Flat Line

Tonight I'm planning to head into the warehouse space where I teach guitar lessons and begin recording my vocals for the Ideal Home Music Library. It occurred to me just now that this month, September, is the 10 year mark for Reclinerland. Wow. Ten years ago this month our band the American Girls were dropped from our label. While the rest of the band members got cold feet and hightailed it back to Eugene, OR, I stayed up in Portland and started my own act. It's amazing to think of it. A few months after all that I borrowed my friend Eil's digital four-track machine and recorded songs for Reclinerland's first CD. I carried out those sessions alone, mostly, in an enormous warehouse on SE Oak St. I remember vividly the cold, late nights sitting crouched in a dark room among coiled masses of cables and microphones just winging it by myself. Eli helped on some sessions, but most of the time it was just me. I just closed my eyes and really got into the songs with no one sitting behind control room glass directing me. I had nothing but a digital four-track machine and a guitar.

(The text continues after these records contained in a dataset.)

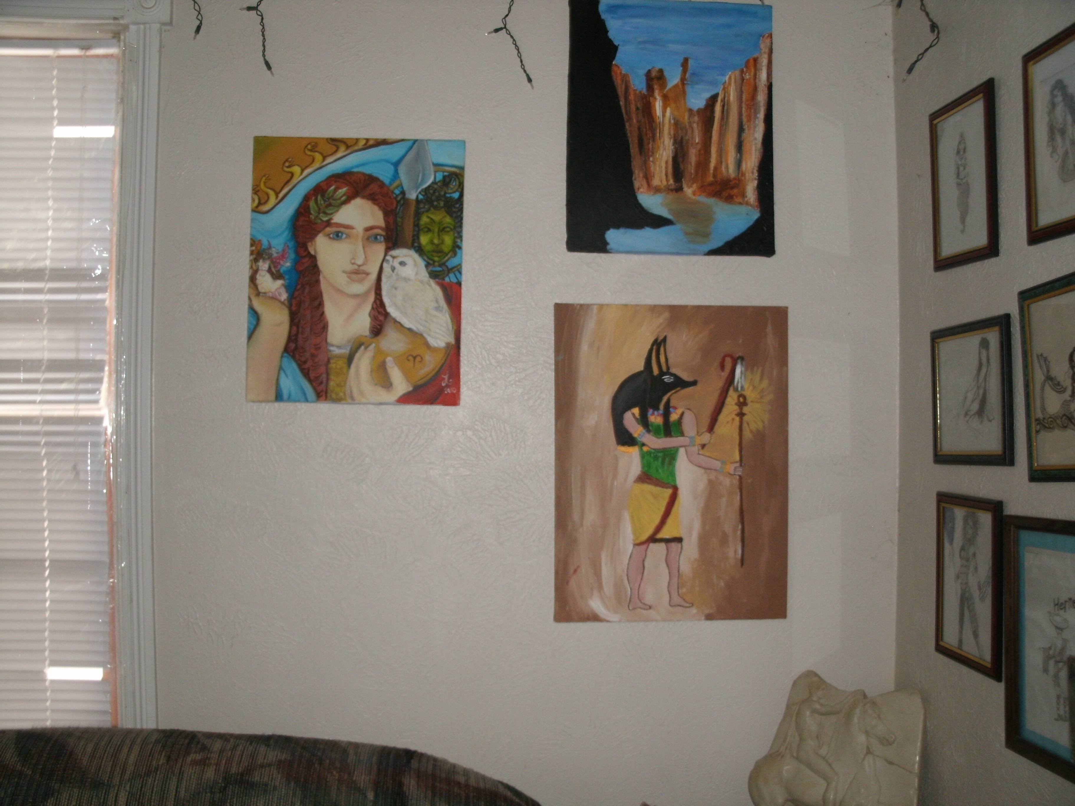 The other two paintings I did myself. The top one is of a mountain/river God coming out of the rock. The bottom one is of of Anubis, obvisously.
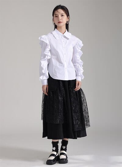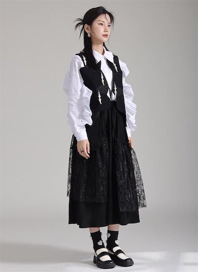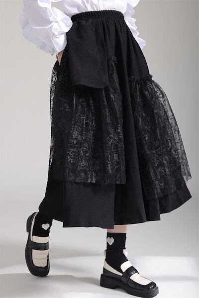 【J.Fashion】 春 レースドッキング ロングスカート ゴムウエスト メッシュ レディース おしゃれ 関連商品は店で購入可能 メガ割 福袋 T
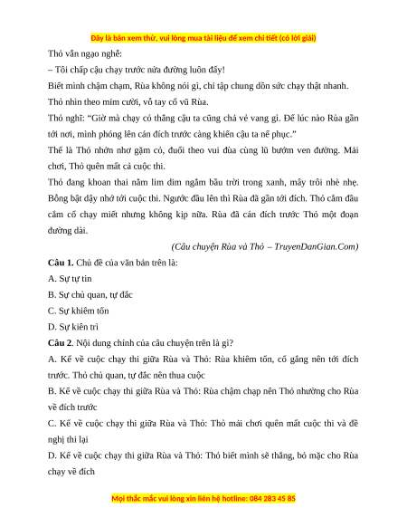 A. Kể về cuộc chạy thi giữa Rùa và Thỏ: Rùa khiêm tốn, cố Câu 2 0,5 điểm
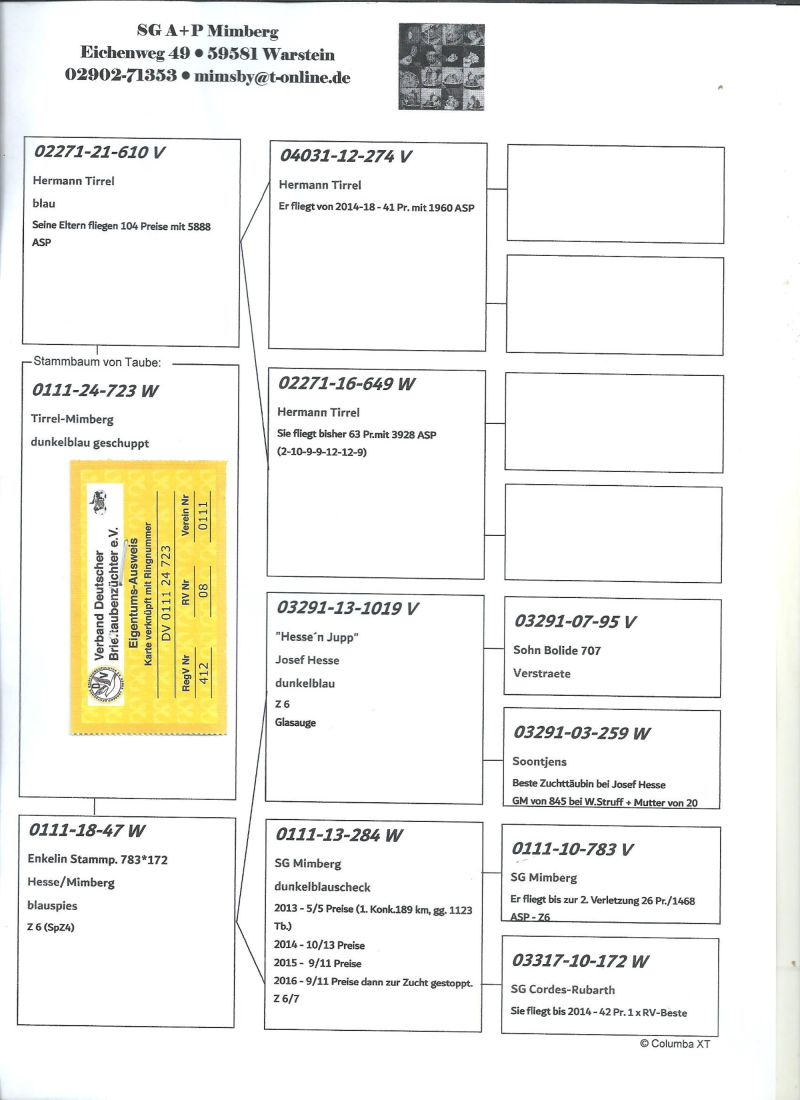 Oryginalny gołąb z hodowli SG A +P Mimberg,szczegóły pochodzenia w rodowodzie,więcej informacji pod nr tel,:603 312 976,transport gołębi po wpłacie pieniążków na konto ,gołębie będą dostarczane kurierem 1-5szt 180zł

My story is the same story, I realize, as thousands upon thousands of obscure aspiring singer/songwriters out there, but with one amazing difference: that I'm the one who experienced it. I can't tell you how mixed my feelings will be when I sit down to work tonight. I can already feel pangs of sadness in my chest.
Reclinerland has taken me across the US and back again. I've been abroad, I've met many musical luminaries, the names of whom I shall not drop here, and I've recorded 4 CDs of questionable quality. I've made amazing friends and written almost 100 songs.
And yet after all of the things I've been through these past 10 years doing Reclinerland, I'm going to end up right back where I started. Only this time, instead of sitting in a dark warehouse with a digital 4-track machine, mixing down to a DAT tape, I'll be sitting in a dark warehouse with a laptop. The technology has changed and the songwriting is better, but the situation is still the same. It's really startling when I think about it. Where did all of that time go? What have I been doing? What do I have to show for any of it? Who is listening? Where did my dream go? Some bands, you see, the very lucky few, look back at ten years and see an upward jagged climb to eventual success. The great majority of us, however, see a flat jagged line that ends up right where it began. It's all very profound for me, you understand. I'll be chewing on that for some time, I expect.


So there you have it, ladies and gentlemen, Reclinerland has almost flatlined. But it'll go out singing!